• _TASK PROMPT_:
Below are records with pictures. Transcribe exactly, and only, the lines from the line with "开始拉升:STICKLINE(地>天 AND 地<0,10,0,1,0)=1,COLORRED;" to the line with "Copy Selection: Use", both ends included, but not the pictures.

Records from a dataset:
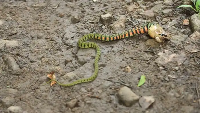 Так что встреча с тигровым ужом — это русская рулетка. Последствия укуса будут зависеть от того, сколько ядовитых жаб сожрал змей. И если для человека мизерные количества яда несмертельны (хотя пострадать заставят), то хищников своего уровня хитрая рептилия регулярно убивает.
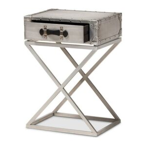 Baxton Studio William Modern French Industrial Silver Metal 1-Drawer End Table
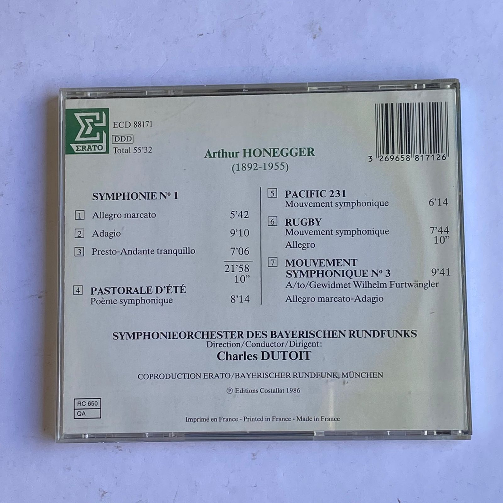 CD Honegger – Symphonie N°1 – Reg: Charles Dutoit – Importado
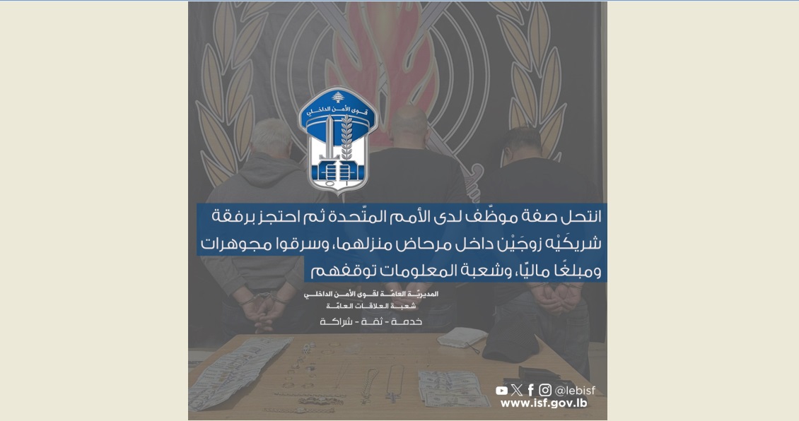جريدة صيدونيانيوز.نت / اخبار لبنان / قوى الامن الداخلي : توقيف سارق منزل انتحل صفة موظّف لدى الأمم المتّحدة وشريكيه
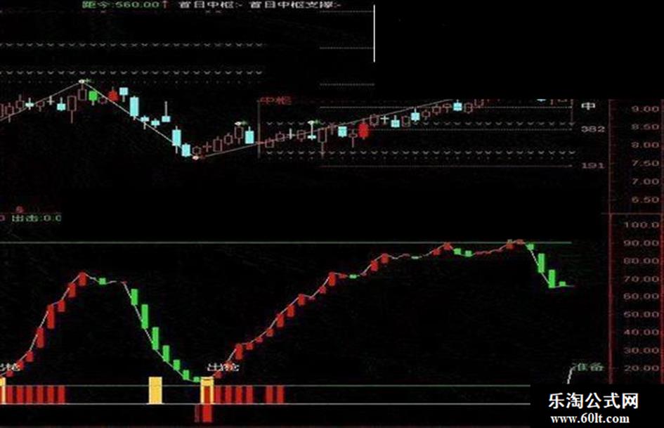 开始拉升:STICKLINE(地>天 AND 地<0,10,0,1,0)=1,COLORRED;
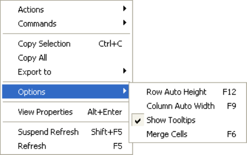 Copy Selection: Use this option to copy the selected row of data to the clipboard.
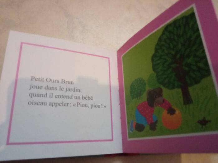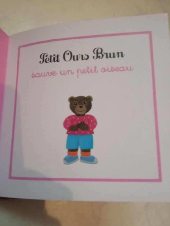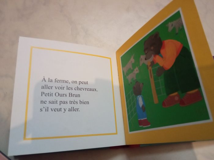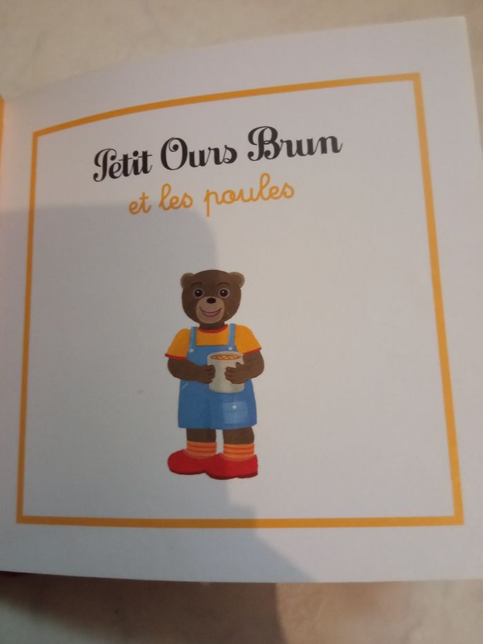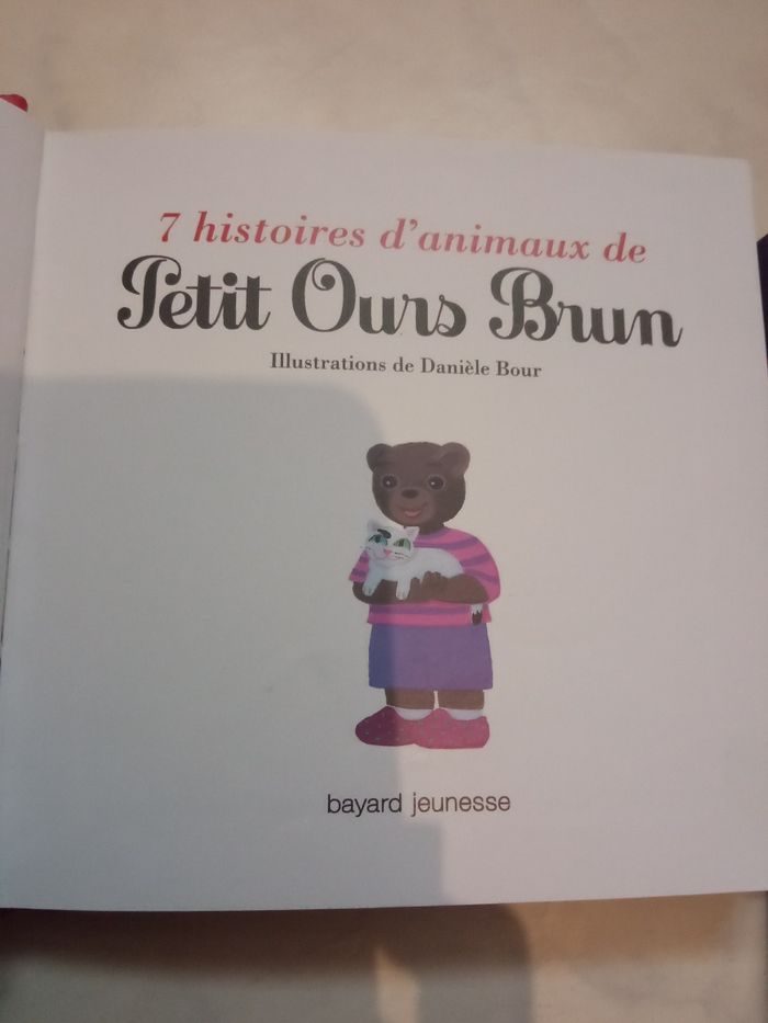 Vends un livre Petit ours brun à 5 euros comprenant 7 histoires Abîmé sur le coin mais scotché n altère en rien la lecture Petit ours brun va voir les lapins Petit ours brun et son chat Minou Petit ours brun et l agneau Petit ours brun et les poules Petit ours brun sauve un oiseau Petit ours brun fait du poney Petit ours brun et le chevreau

• _ANSWER TO THIS PROBLEM_:
 开始拉升:STICKLINE(地>天 AND 地<0,10,0,1,0)=1,COLORRED;
 Copy Selection: Use this option to copy the selected row of data to the clipboard.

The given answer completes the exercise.